With great bravery and under constant threats, Iraqi citizens carried out two free elections in succession. Iraq’s new constitution recognized religious liberties – not all such liberties, not sufficiently, but far in advance of the constitutions of many other Muslim countries.
Then, the unnecessary withdrawal of that residual force of 50,000 well-equipped and battle-hardened Americans left Iraq undefended against a future return of Al Qaeda – or, as events turned, an enemy far worse in size, ambition, bloodthirstiness, and massive cruelty: the Islamic State, ISIS. Without U.S. forces sufficient to provide a swift and deadly counterattack to drive ISIS back and into oblivion, that monster grew and keeps growing ever faster today.
ISIS announces its plans every day. It proposes a complete genocide of the Christian populations of the Middle East – through death (preferably by crucifixion), or through forced submission (dhimmitude), or conversion. The more public its announcements of military conquests to come, and the more ruthless (and unpunished) its public beheadings, the more voluminous its stream of bloodthirsty recruits.
Some writers have announced that persons like me, who supported the Iraq War in 2003, should be doing penance. Do they still not see that a premature departure of U.S. troops in 2011 cleared the way for an endless succession of cruel barbarians like Al Qaeda and ISIS, one after another?

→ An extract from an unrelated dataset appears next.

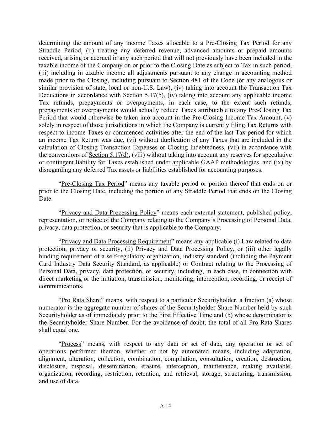 A-14 determining the amount of any income Taxes allocable to a Pre-Closing Tax Period for any Straddle Period, (ii) treating any deferred revenue, advanced amounts or prepaid amounts received, arising or accrued in any such period that will not previously have been included in the taxable income of the Company on or prior to the Closing Date as subject to Tax in such period, (iii) including in taxable income all adjustments pursuant to any change in accounting method made prior to the Closing, including pursuant to Section 481 of the Code (or any analogous or similar provision of state, local or non-U.S. Law), (iv) taking into account the Transaction Tax Deductions in accordance with Section 5.17(b), (iv) taking into account any applicable income Tax refunds, prepayments or overpayments, in each case, to the extent such refunds, prepayments or overpayments would actually reduce Taxes attributable to any Pre-Closing Tax Period that would otherwise be taken into account in the Pre-Closing Income Tax Amount, (v) solely in respect of those jurisdictions in which the Company is currently filing Tax Returns with respect to income Taxes or commenced activities after the end of the last Tax period for which an income Tax Return was due, (vi) without duplication of any Taxes that are included in the calculation of Closing Transaction Expenses or Closing Indebtedness, (vii) in accordance with the conventions of Section 5.17(d), (viii) without taking into account any reserves for speculative or contingent liability for Taxes established under applicable GAAP methodologies, and (ix) by disregarding any deferred Tax assets or liabilities established for accounting purposes. “Pre-Closing Tax Period” means any taxable period or portion thereof that ends on or prior to the Closing Date, including the portion of any Straddle Period that ends on the Closing Date. “Privacy and Data Processing Policy” means each external statement, published policy, representation, or notice of the Company relating to the Company’s Processing of Personal Data, privacy, data protection, or security that is applicable to the Company. “Privacy and Data Processing Requirement” means any applicable (i) Law related to data protection, privacy or security, (ii) Privacy and Data Processing Policy, or (iii) other legally binding requirement of a self-regulatory organization, industry standard (including the Payment Card Industry Data Security Standard, as applicable) or Contract relating to the Processing of Personal Data, privacy, data protection, or security, including, in each case, in connection with direct marketing or the initiation, transmission, monitoring, interception, recording, or receipt of communications. “Pro Rata Share” means, with respect to a particular Securityholder, a fraction (a) whose numerator is the aggregate number of shares of the Securityholder Share Number held by such Securityholder as of immediately prior to the First Effective Time and (b) whose denominator is the Securityholder Share Number. For the avoidance of doubt, the total of all Pro Rata Shares shall equal one. “Process” means, with respect to any data or set of data, any operation or set of operations performed thereon, whether or not by automated means, including adaptation, alignment, alteration, collection, combination, compilation, consultation, creation, destruction, disclosure, disposal, dissemination, erasure, interception, maintenance, making available, organization, recording, restriction, retention, and retrieval, storage, structuring, transmission, and use of data.

The souls of hundreds of millions of Muslims worldwide are being divided by pressures to return to the barbarism of the seventh century, and by heartfelt desires for peace, compassion, prosperity, and the protection of human rights. As one young group of Muslim guerrilla fighters in Africa (fighting a Taliban-like regime) told me ten years ago, “It cannot be that the rights of every other group in the world matter, but not human rights among Muslims.”
How, they asked, can we turn hundreds of millions of young single men from lives of nihilistic violence and destruction, toward lives of prosperity, freedom, and respect for the dignity and rights of all humans? Their own human rights have been abused for generations by tyrants and their various secret police forces. The human rights of Muslims have been among the most neglected in the world.
A German Middle East expert pointed out another social reality. Polygamy leads to millions of passionate young men living in loneliness and despair. No wonder they dream that paradise will bring seventy-two sloe-eyed virgins of their own – on condition that they die martyrs while killing infidels.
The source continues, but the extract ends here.